Make sure printer sharing checkbox is ticked under network sharing in system preferences on your mac. You do not seem to have mentioned that in your post.

Regards,
Nathan


----------



## sinclair_tm (Mar 11, 2005)

Also, sometimes when it comes to Windows, you need to make sure that file sharing is on, and if it is an option in your version of OS X, Windows sharing is turned on.


----------



## bpa.vt (Feb 28, 2011)

nathanl1192 said:


> Hi there,
> 
> Make sure printer sharing checkbox is ticked under network sharing in system preferences on your mac.

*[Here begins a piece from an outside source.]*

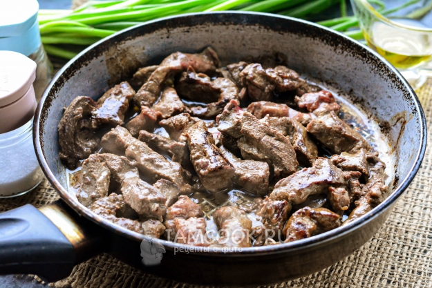 Разогрейте масло на сковороде, выложите кусочки печени и обжаривайте 8-10 минут, помешивая.
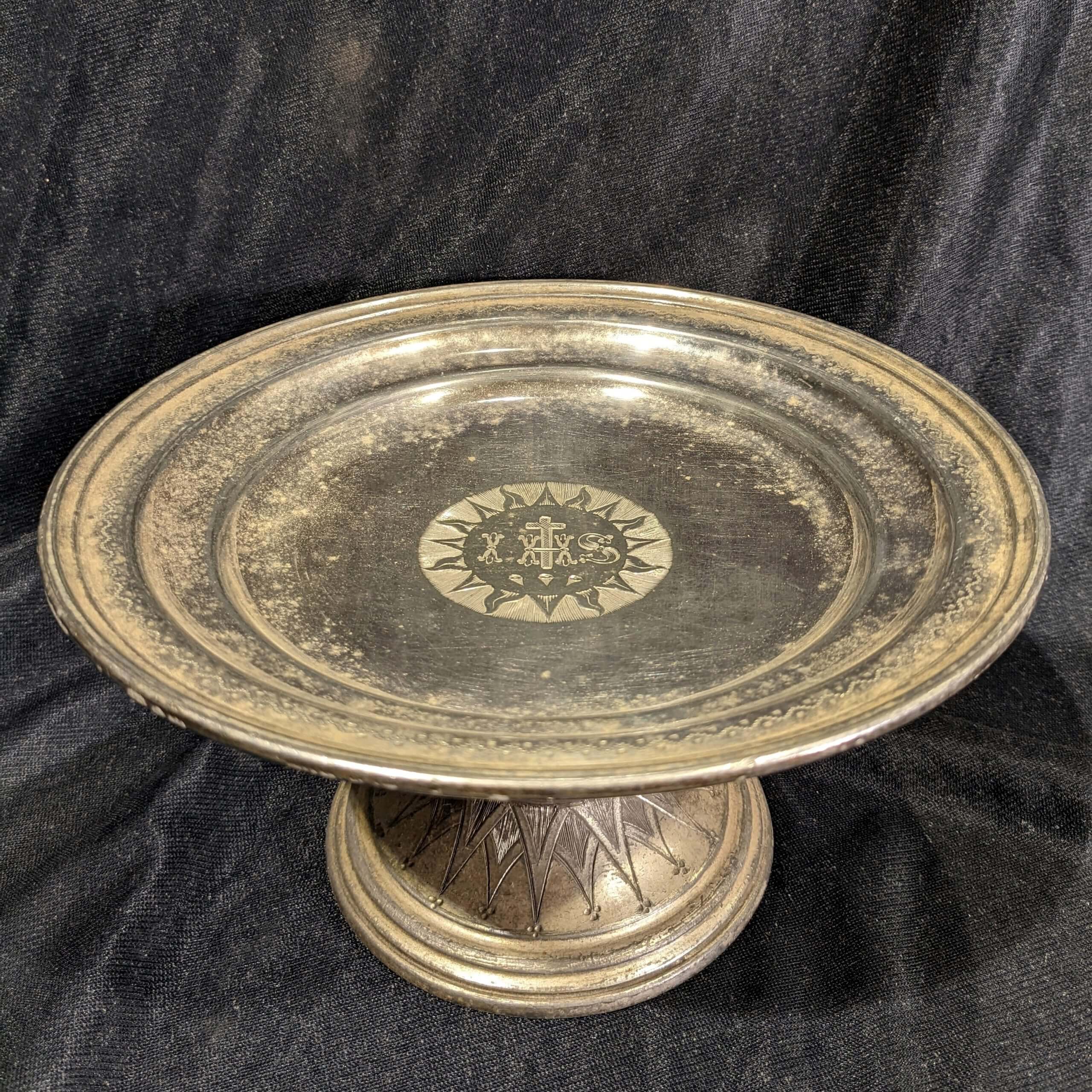 Our product shown on this page Large Antique Silver Plate Paten on Stand from St Teilo’s Cardiff (SOLD) is currently available for hire.

You do not seem to have mentioned that in your post.
> 
> ...


Hi Nathan,

Thanks for responding. That was ticked. I was able to get all my computers printing to the Mac's printer except the Win7 machine. I am able to share the printer with Win7 using VNC, so I am really happy about that!

Cheers,

Brian


----------



## bpa.vt (Feb 28, 2011)

sinclair_tm said:


> Also, sometimes when it comes to Windows, you need to make sure that file sharing is on, and if it is an option in your version of OS X, Windows sharing is turned on.



sinclair_tm,

Thanks for responding. I was able to get all my computers printing to the Mac's printer except the Win7 machine. Still don't know why it doesn't connect. However, I am able to share the printer with Win7 using VNC, so I am really happy about that! Problem solved.

Cheers,

Brian


----------